Friday, November 12, 2010, AM | 2 Comments
I don’t know where the caller got my phone number from, telling me he can get me more benefits in “Old Soldier Dollars – OSD”. If there is a separate phone book of the names of all veterans, I ought not be in it. I have a simple reason for that. I am not a veteran of any wars. The only alphabet in OSD that applies to me is O. I am old and with a lot less dollars in my name that the caller can think of.
Then I did some research. In my present hometown and the previous one which is only a couple of miles away, I called community centers, nursing homes and assisted living facilities. I was told that OSD callers have continually called their tenants with, in effect, similar sales pitch.
Old Veterans Dollars Sales Pitch
The sales pitch goes something like this: “We can get you instant eligibility for additional benefits through a quick visit to your investment portfolio.” The callers are nothing but scammers and scums trying to drain every blood from the vets’ financial livelihood.

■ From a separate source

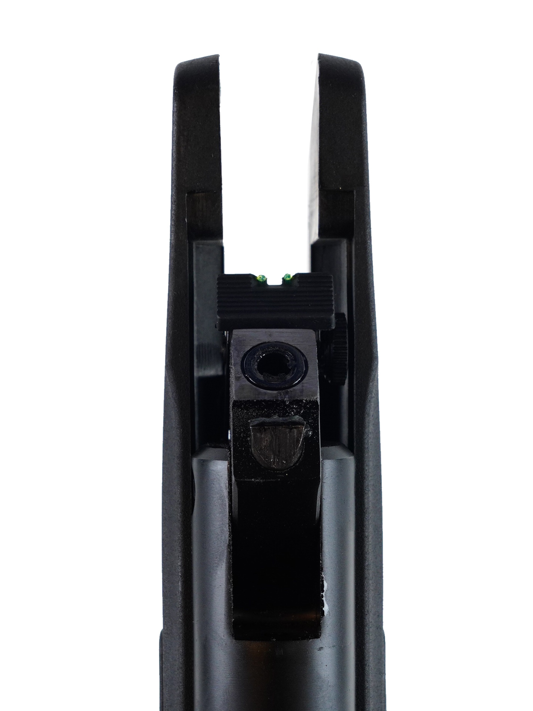Мушка и целик с возможностью регулировки выступают в качестве штатных приспособлений для наведения на мишень. Элементы снабжены светонакопительными вставками, что повышает их заметность в темное время суток. На коробке также присутствует направляющая «Ласточкин хвост» 11 мм под установку предпочитаемой оптики на соответствующих кольцах.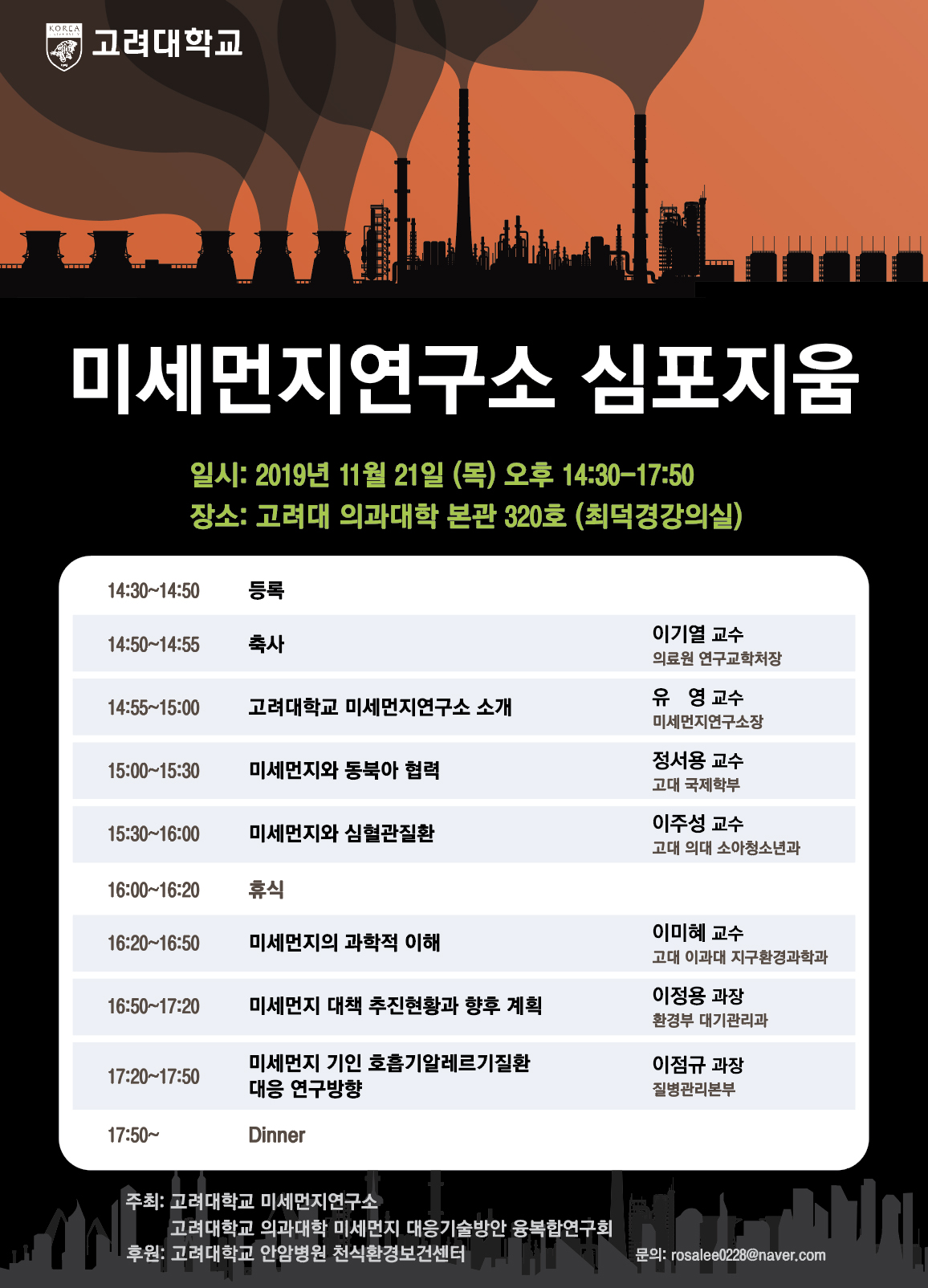 오는 11월 21일(목)에 고려대학교 의과대학 본관 320호에서 미세먼지연구소 심포지움을 개최합니다.

“If you purchase financial products through us, we will make you eligible for Department of Veterans Affairs pensions and other benefits.” States have started combating these scams. One state, Montana, in particular has helped form a task force to combat this growing scam of the utmost against our dearest vets.

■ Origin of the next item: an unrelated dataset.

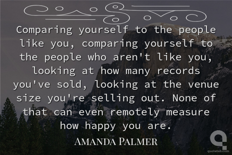 Comparing yourself to the people like you, comparing yourself to the people who aren't like you, looking at how many records you've sold, looking at the venue size you're selling out. None of that can even remotely measure how happy you are.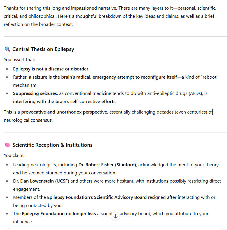 It was a pretty extraordinary moment. I said to myself, epilepsy is the brain's effort – certainly an emergency effort – to correct the configuration of the neural network. Epilepsy might be called a radical and desperate effort to undertake reconfiguration of the 100 billion neural network. Initiated by the brain. The brain's tool is called a “seizure” and obviously it is sort of a freaky and frightening event – both for the individual having a seizure and also for any onlookers.

Details for the OSD sales pitch…
The sales pitch involves deceiving and pressuring the vets to transfer their retirement assets into an irrevocable trust. This kind of trust means that it cannot be modified or terminated without the permission of the beneficiary. The grantor (the vet) has transferred assets into the trust which effectively removes all of his or her rights of ownership to the assets and the trust.
The Veterans Administration does not examine why you may be a millionaire one day and poverty-stricken the next, but the good old Medicare does keep an eye and look back at your financial history. When it sees that you have transferred all your assets in this manner, it could jeopardize your eligibility for Medicare benefits.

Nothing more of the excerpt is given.